Very briefly, everything you write here is factually (as best I know) true. There are serious obstacles to creating and to enforcing strict liability. And to do so would probably be unfair to some AI researchers who do not intend harm.
However, we need to think in a slightly more utilitarian manner. Maybe being unfair to some AI developers is the lesser of two evils in an imperfect world.
I come from the world of chemical engineering, and I’ve worked some time in Pharma. In these areas, there is not “strict liability” as such, in the sense that you typically do not go to jail if you can demonstrate that you have done everything by the book.
BUT—the “book” for chemical engineering or pharma is a much, much longer book, based on many decades of harsh lessons. Whatever project I might want to do, I would have to follow very strict, detailed guidelines every step of the way. If I develop a new drug, it might require more than a decade of testing before I can put it on the market, and if I make one flaw in that decade, I can be held criminally liable. If I build a factory and there is an accident, they can check every detail of every pump and pipe and reactor, they can check every calculation and every assumption I’ve made, and if just one of them is mistaken, or if just one time (even with a very valid reason) I have chosen not to follow the recommended standards, I can be criminally and civilly liable.
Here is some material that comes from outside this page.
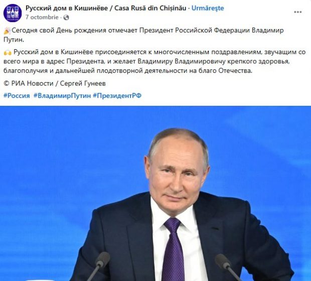 Spre exemplu, Casa Rusă a mai publicat în luna februarie un video dedicat „Zilei gloriei militare a Rusiei” și a scris o postare despre un nou număr al revistei „Câmpul rusesc”, dedicat „împlinirii a 80 de ani de la eliberarea Moldovei de sub ocupația fascistă”. Plus la aceasta, centrul a distribuit, cinstea împlinirii a 80 de ani de la „Marea Victorie”, mai multe imagini cu veterani moldoveni.

We have far more knowledge about how to create and test drugs than we have on how to create and test AI models. And in our wisdom, we believe it takes a decade to prove that a drug is safe to be released on the market.
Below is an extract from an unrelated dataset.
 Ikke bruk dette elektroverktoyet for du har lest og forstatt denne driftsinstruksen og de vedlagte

We don’t have anything analogous to this for AI. So nobody (credible) is arguing that strict liability is an ideal solution or a fair solution. The argument is that, until we have a much better AI Governance system in place, with standards and protocols and monitoring systems and so on, then strict liability is one of the best ways we can ensure that people act responsibly in developing, testing and releasing models.
The AI developers like to argue that we’re stifling innovation if we don’t give them totally free-rein to do whatever they find interesting or promising. But this is not how the world works. There are thousands of frustrated pharmacologists who have ideas for drugs that might do wonders for some patients, but which are 3 years into a 10-year testing cycle instead of already saving lives. But they understand that this is necessary to create a world in which patients know that any drug that is prescribed by their doctor is safe for them (or that it’s potential risks are understood).
Strict liability is, in a way, telling AI model developers: “You say that your model is safe. OK, put your money where your mouth is. If you’re so sure that it’s safe, then you shouldn’t have any worries about strict-liability. If you’re not sure that it’s safe, then you shouldn’t be releasing it.”
This feels to me like a reasonable starting point. If AI-labs have a model which they believe is valuable but flawed (e.g. risk of bias), they do have the option to release it with that warning—for example to refuse to accept liability for certain identified risks. Lawmakers can then decide if that’s OK or not. It may take time, but eventually we’ll move forward.
Right now, it’s the Wild West. I can understand the frustration of people with brilliant models which could do much good in the world, but we need to apply the same safety standards that we apply to everyone else.
Strict liability is neither ideal nor fair. It’s just, right now, the best option until we find a better one.
Even with decades of development of pharma knowledge, and a complex regulatory system, things still blow up badly (e.g., Vioxx). And the pharma companies usually end up paying through the nose in liability, too. Here, we have a much weaker body of built-up knowledge and much weaker ex ante regulation.